**Input data**
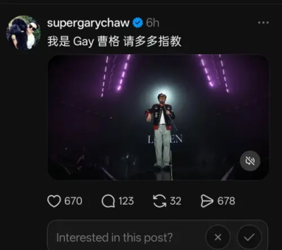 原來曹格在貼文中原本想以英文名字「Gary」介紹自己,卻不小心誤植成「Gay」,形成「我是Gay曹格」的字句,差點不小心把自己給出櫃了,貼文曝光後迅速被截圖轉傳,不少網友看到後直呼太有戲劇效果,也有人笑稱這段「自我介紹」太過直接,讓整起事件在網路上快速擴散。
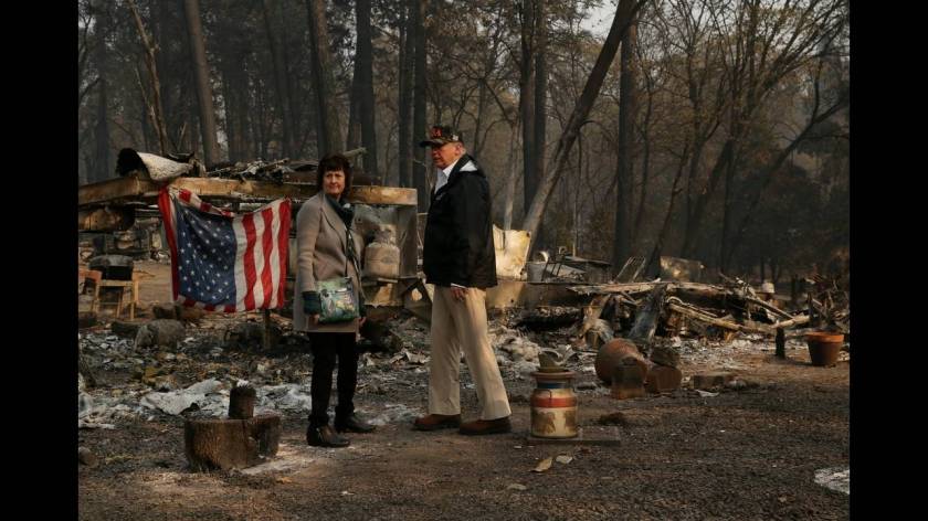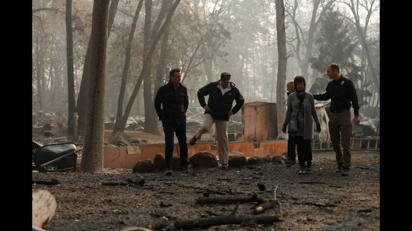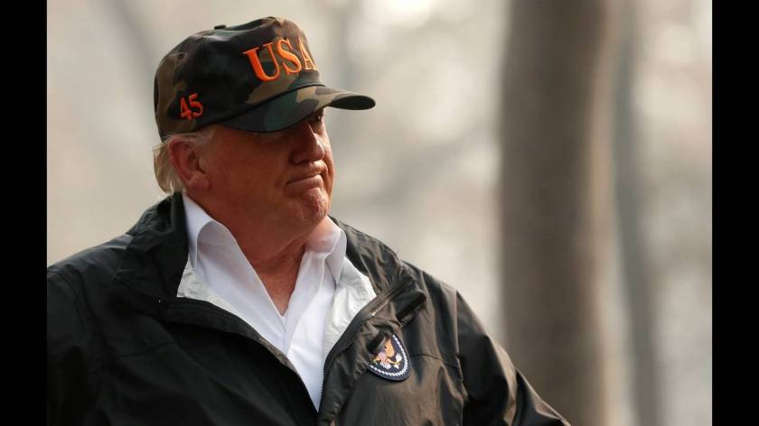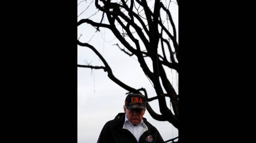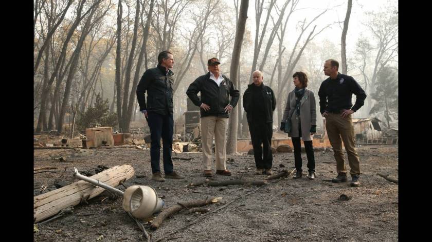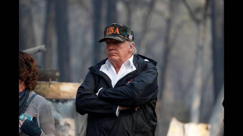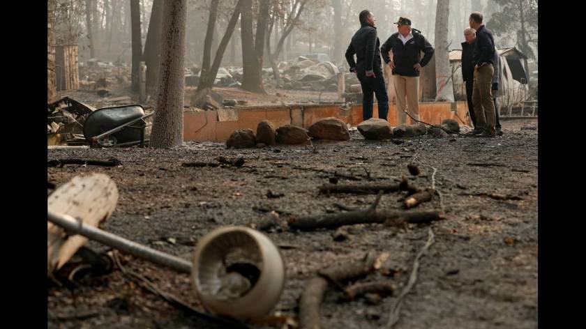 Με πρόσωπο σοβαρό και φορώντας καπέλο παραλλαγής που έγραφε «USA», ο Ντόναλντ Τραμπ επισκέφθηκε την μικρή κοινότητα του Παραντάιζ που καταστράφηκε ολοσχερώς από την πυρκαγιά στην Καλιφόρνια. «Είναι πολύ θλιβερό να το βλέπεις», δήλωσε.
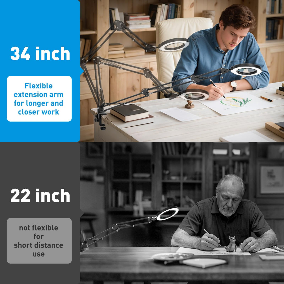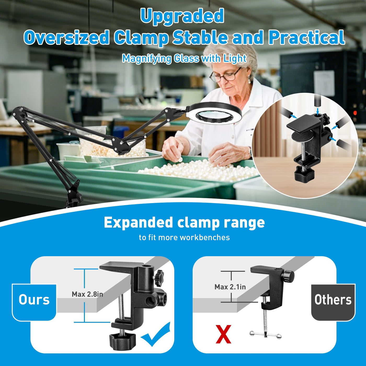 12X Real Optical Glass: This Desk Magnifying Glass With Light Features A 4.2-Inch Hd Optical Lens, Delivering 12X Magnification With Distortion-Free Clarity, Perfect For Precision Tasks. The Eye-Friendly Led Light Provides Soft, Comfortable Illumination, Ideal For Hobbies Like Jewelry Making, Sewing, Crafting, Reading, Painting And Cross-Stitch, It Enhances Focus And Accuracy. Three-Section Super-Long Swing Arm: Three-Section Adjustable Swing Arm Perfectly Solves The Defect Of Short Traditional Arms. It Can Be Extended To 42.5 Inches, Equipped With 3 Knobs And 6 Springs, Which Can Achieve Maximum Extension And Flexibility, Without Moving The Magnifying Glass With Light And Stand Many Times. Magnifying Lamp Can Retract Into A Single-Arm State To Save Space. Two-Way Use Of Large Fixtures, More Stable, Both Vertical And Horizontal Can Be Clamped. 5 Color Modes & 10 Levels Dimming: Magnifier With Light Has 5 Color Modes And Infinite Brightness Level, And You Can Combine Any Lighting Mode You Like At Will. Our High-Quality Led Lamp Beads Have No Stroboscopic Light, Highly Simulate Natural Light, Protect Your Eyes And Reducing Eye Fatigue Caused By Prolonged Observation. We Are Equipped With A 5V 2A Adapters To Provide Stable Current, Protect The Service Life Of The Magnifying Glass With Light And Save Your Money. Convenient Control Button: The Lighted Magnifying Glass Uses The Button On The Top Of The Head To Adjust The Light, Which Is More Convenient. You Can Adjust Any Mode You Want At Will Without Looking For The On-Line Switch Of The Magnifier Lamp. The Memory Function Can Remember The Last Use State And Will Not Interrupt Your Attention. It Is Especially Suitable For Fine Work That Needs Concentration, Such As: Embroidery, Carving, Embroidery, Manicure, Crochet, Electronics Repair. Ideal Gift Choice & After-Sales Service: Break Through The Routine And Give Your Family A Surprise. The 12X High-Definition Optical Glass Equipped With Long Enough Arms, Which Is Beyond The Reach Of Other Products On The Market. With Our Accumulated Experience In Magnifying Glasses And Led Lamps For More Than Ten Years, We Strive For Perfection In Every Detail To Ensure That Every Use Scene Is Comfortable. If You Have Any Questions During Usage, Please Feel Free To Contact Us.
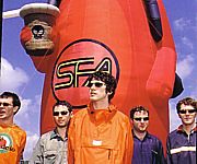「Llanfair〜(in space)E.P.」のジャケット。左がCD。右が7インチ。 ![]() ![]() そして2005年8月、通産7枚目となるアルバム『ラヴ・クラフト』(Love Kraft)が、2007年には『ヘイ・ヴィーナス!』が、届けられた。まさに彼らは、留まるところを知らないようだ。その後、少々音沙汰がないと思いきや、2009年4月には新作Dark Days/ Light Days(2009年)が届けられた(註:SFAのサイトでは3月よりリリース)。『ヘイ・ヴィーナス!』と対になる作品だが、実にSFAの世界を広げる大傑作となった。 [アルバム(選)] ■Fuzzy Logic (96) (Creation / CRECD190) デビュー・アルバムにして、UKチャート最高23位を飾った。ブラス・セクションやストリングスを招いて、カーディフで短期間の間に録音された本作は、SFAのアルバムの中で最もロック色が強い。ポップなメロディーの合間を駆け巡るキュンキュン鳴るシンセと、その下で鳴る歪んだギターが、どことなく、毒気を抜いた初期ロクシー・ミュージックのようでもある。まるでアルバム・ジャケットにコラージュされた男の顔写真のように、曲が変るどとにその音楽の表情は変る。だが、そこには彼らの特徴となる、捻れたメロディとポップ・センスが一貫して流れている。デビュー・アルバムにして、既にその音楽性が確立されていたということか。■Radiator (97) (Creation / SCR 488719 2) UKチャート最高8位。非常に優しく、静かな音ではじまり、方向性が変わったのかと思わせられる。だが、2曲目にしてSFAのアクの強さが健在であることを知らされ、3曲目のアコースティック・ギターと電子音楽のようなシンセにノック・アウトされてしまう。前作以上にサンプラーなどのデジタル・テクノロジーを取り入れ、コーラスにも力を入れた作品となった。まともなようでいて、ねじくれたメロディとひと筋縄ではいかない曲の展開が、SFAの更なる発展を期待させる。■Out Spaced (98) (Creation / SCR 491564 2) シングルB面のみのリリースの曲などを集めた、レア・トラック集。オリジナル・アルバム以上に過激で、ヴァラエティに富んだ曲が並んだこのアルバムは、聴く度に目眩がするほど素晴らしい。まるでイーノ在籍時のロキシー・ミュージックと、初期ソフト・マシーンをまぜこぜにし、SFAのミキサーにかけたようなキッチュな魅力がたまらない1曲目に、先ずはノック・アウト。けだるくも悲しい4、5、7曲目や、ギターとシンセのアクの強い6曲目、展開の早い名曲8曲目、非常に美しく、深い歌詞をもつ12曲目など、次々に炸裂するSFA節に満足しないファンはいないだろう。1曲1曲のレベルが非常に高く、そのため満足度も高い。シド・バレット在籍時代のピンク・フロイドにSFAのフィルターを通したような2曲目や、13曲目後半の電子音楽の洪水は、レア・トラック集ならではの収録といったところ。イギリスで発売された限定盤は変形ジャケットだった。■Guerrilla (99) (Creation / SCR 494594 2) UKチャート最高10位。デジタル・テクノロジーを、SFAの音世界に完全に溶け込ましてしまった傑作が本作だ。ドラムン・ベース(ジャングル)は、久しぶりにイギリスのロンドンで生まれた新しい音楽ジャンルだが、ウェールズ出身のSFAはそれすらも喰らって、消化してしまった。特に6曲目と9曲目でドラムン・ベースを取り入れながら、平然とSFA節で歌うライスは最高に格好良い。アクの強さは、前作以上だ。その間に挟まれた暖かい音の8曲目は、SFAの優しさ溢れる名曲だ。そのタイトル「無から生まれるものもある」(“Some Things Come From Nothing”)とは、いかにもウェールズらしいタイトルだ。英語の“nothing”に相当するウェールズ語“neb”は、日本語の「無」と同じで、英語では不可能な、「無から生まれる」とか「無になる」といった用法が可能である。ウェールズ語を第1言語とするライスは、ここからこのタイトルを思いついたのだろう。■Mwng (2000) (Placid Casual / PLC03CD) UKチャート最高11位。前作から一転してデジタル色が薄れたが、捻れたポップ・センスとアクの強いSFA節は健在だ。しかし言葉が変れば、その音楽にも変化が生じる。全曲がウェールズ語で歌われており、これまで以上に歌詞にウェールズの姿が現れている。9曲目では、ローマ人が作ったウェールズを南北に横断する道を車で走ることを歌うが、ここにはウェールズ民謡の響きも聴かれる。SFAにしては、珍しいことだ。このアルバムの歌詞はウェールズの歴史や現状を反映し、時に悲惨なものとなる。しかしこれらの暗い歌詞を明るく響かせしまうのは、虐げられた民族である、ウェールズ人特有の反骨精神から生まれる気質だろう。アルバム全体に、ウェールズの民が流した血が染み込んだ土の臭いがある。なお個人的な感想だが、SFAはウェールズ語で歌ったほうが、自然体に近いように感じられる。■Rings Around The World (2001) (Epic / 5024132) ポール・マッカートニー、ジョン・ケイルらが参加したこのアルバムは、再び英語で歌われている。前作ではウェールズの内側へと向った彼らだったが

**Task**
Skip every picture and return the lines above from the top through the one that contains "Με πρόσωπο σοβαρό".

**Result of this exercise**
 原來曹格在貼文中原本想以英文名字「Gary」介紹自己,卻不小心誤植成「Gay」,形成「我是Gay曹格」的字句,差點不小心把自己給出櫃了,貼文曝光後迅速被截圖轉傳,不少網友看到後直呼太有戲劇效果,也有人笑稱這段「自我介紹」太過直接,讓整起事件在網路上快速擴散。
 Με πρόσωπο σοβαρό και φορώντας καπέλο παραλλαγής που έγραφε «USA», ο Ντόναλντ Τραμπ επισκέφθηκε την μικρή κοινότητα του Παραντάιζ που καταστράφηκε ολοσχερώς από την πυρκαγιά στην Καλιφόρνια. «Είναι πολύ θλιβερό να το βλέπεις», δήλωσε.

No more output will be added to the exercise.